Weber's compositions for clarinet, bassoon, and horn occupy an important place in the musical repertoire. His compositions for the clarinet, which include two concertos, a concertino, a quintet, a duo concertante, and variations on a theme from his opera Silvana, are regularly performed today. His Concertino for Horn and Orchestra requires the performer to simultaneously produce two notes by humming while playing—a technique known as "multiphonics". His bassoon concerto and the Andante e Rondo ungarese (a reworking of a piece originally for viola and orchestra) are also popular with bassoonists.

Weber's contribution to vocal and choral music is also significant. His body of Catholic religious music was highly popular in 19th-century Germany, and he composed one of the earliest song cycles, Die Temperamente beim Verluste der Geliebten ([Four] Temperaments on the Loss of a Lover). Weber was also notable as one of the first conductors to conduct without a piano or violin.

Weber's orchestration has also been highly praised and emulated by later generations of composers—Berlioz referred to him several times in his Treatise on Instrumentation while Debussy remarked that the sound of the Weber orchestra was obtained through the scrutiny of the soul of each instrument.

His operas influenced the work of later opera composers, especially in Germany, such as Marschner, Meyerbeer, and Wagner, as well as several nationalist 19th-century composers such as Glinka. Homage has been paid to Weber by many 20th-century composers, such as Debussy and Stravinsky. Mahler completed Weber's unfinished comic opera Die drei Pintos and made revisions of Euryanthe and Oberon while Hindemith composed the popular Symphonic Metamorphosis of Themes by Carl Maria von Weber, based on Weber's lesser-known keyboard works and the incidental music to Turandot.

Weber also wrote music journalism and was interested in folksong, and learned lithography to engrave his own works.

A virtuoso pianist himself, Weber composed four sonatas, two concertos, and the Konzertstück in F minor (Concert Piece), which inspired composers such as Chopin, Liszt, and Mendelssohn. The Konzertstück provided a new model for the one-movement concerto in several contrasting sections (such as Liszt's, who often played the work), and was acknowledged by Stravinsky as the model for his Capriccio for Piano and Orchestra. Weber's shorter piano pieces, such as the Invitation to the Dance, were later orchestrated by Berlioz, while his Polacca Brillante was later set for piano and orchestra by Liszt. However, Weber's piano music all but disappeared from the repertoire.
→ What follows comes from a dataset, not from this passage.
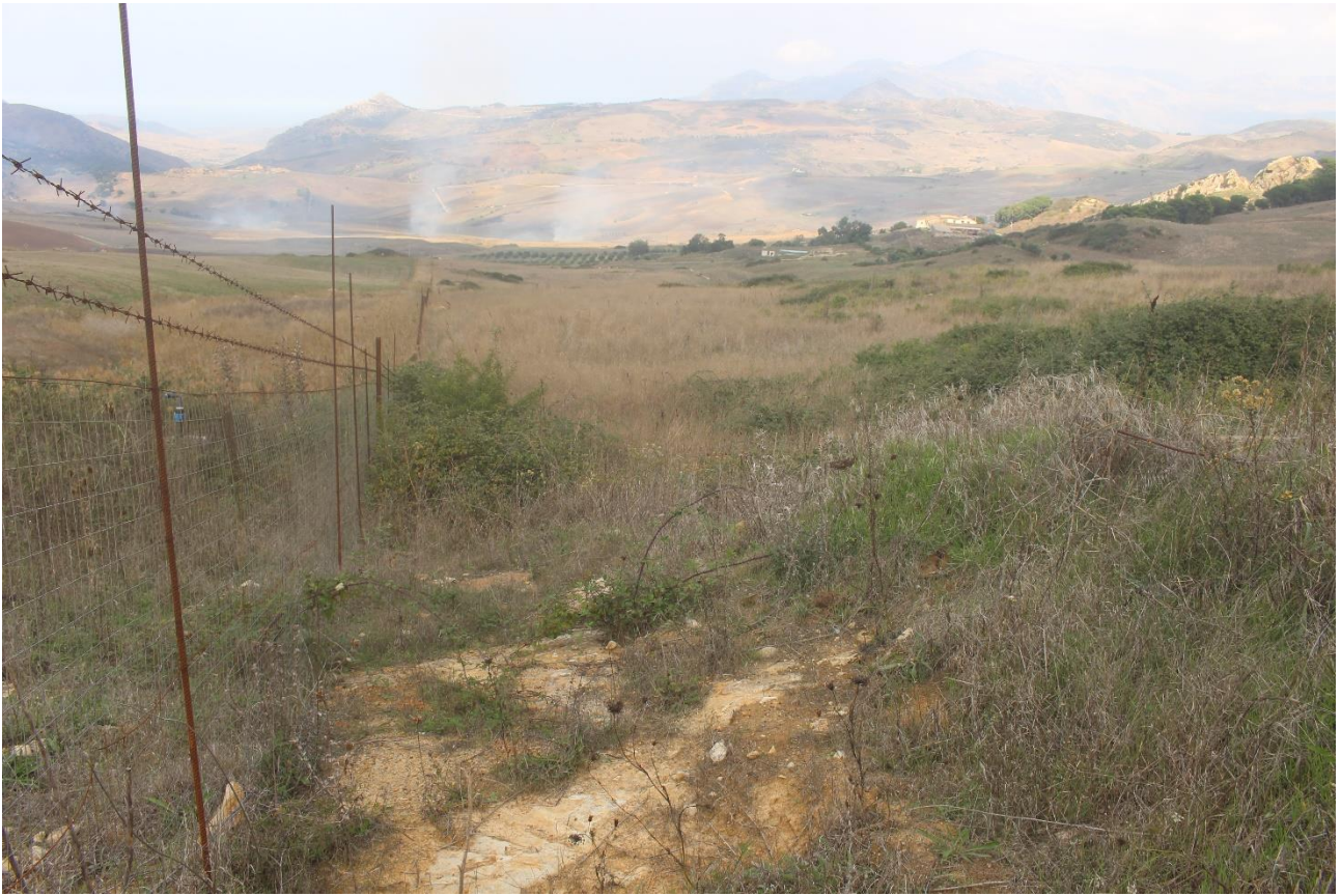
PUNTO DI VISTA FOTOGRAFICO 3

There are several recordings of the major works for the solo piano, including complete recordings of the piano sonatas and the shorter piano pieces, and there are recordings of the individual sonatas by Claudio Arrau (1st sonata), Alfred Cortot and Emil Gilels (2nd sonata), Sviatoslav Richter (3rd sonata), and Leon Fleisher (4th sonata). The Invitation to the Dance, although better known in Berlioz's orchestration (as part of the ballet music for a Paris production of Der Freischütz), has long been played and recorded by pianists (e.g., by Benno Moiseiwitsch [in Carl Tausig's arrangement]). Invitation to the Dance also served as the thematic basis for Benny Goodman's swing theme song for the radio program Let's Dance.